For Alex, this number is high. For most AIs, it is not.

I wonder why every AI doesn't have this figure set to 10 ... ??
 
Perhaps because it decides on turn 1 which victory condition is the primary one?

A human once he figures out his desired victory condition would pursue it at 10, but often a human will wait a few turns before desiring which condition to win by.

I wonder why every AI doesn't have this figure set to 10 ... ??
 
I wonder why every AI doesn't have this figure set to 10 ... ??

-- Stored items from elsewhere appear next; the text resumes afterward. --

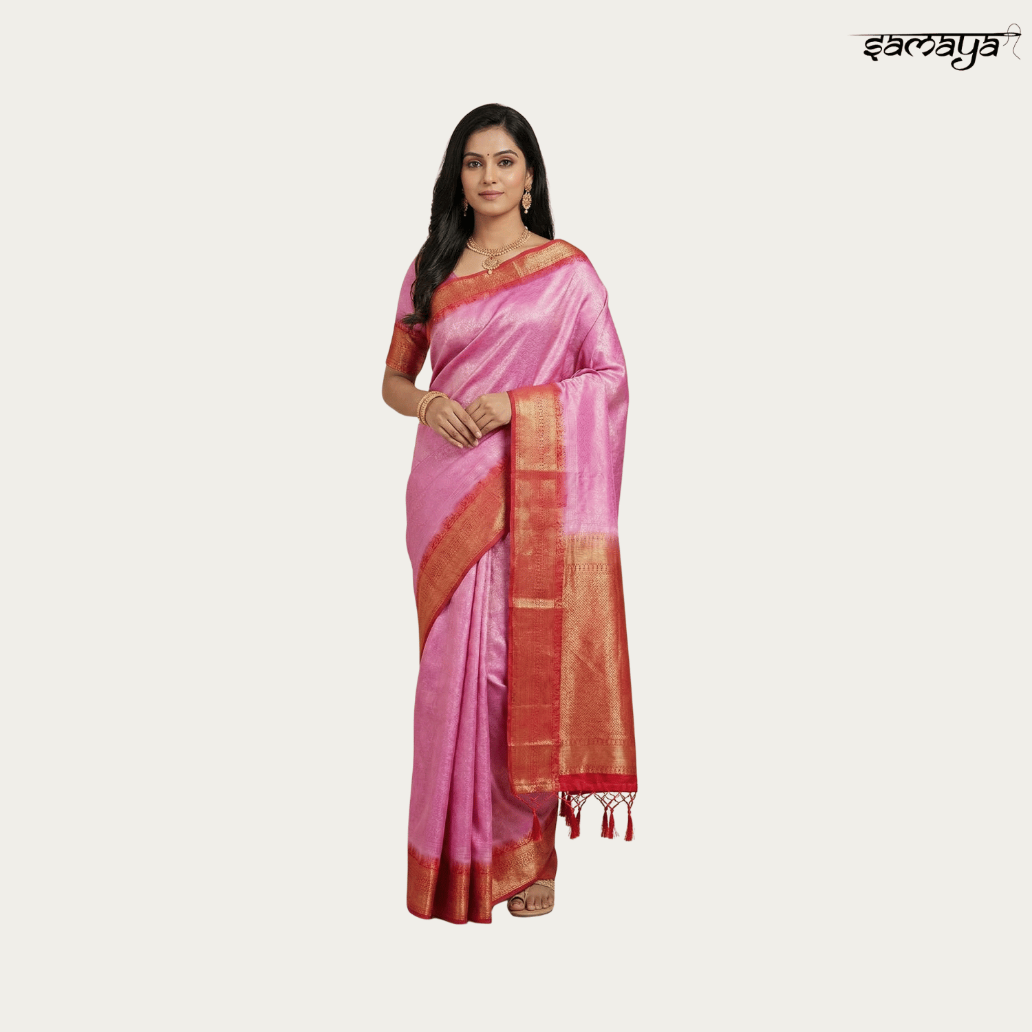 Mauve Pink Soft Silk Saree with Contrast Red Border Wedding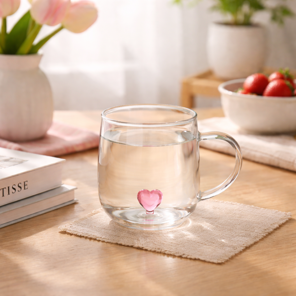 Очарователна стъклена чаша с прозрачно тяло и малко розово сърце в основата – нежна, модерна и перфектна за ежедневна употреба. Фината форма и изчистеният дизайн я правят подходяща както за кафе и чай, така и за мляко, лимонада и десертни напитки. Удобната дръжка осигурява стабилен захват, а дебелото боросиликатно стъкло е устойчиво на температурни разлики.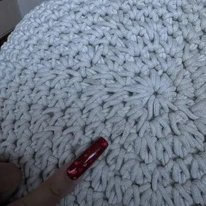 The Macrame Hand-Knitted Ottoman instantly turned this empty corner into the coziest little spot next to my bed #macrameottoman #bohodecorhome #cozycornerdecor #texturedhomevibes #qvc

While I think it should (if it works properly), there would be way too many more rants of how the AI is playing to win and not rolling over for the human player. How dare and UNFAIR the AI use an equalizer like a nuke against us!
 
It's not Civ if there aren't any Nukes! :nuke::nuke::nuke:

anyway, I rarely use Nukes considering that I usually don't go into the Modern era, but, with that said, Nukes are always satisfying. However the 1 upt makes them a lot less formidable :sad:
 
I've destroyed cities with nukes in quite a few games and I strictly play MP. Starting positions are unfair. Fix that and this game would be a lot more balanced.
 
While I think it should (if it works properly), there would be way too many more rants of how the AI is playing to win and not rolling over for the human player. How dare and UNFAIR the AI use an equalizer like a nuke against us!

Such rants shed much heat but little light. They come from newbies who are confused and enraged when they lose a game they thought they were winning.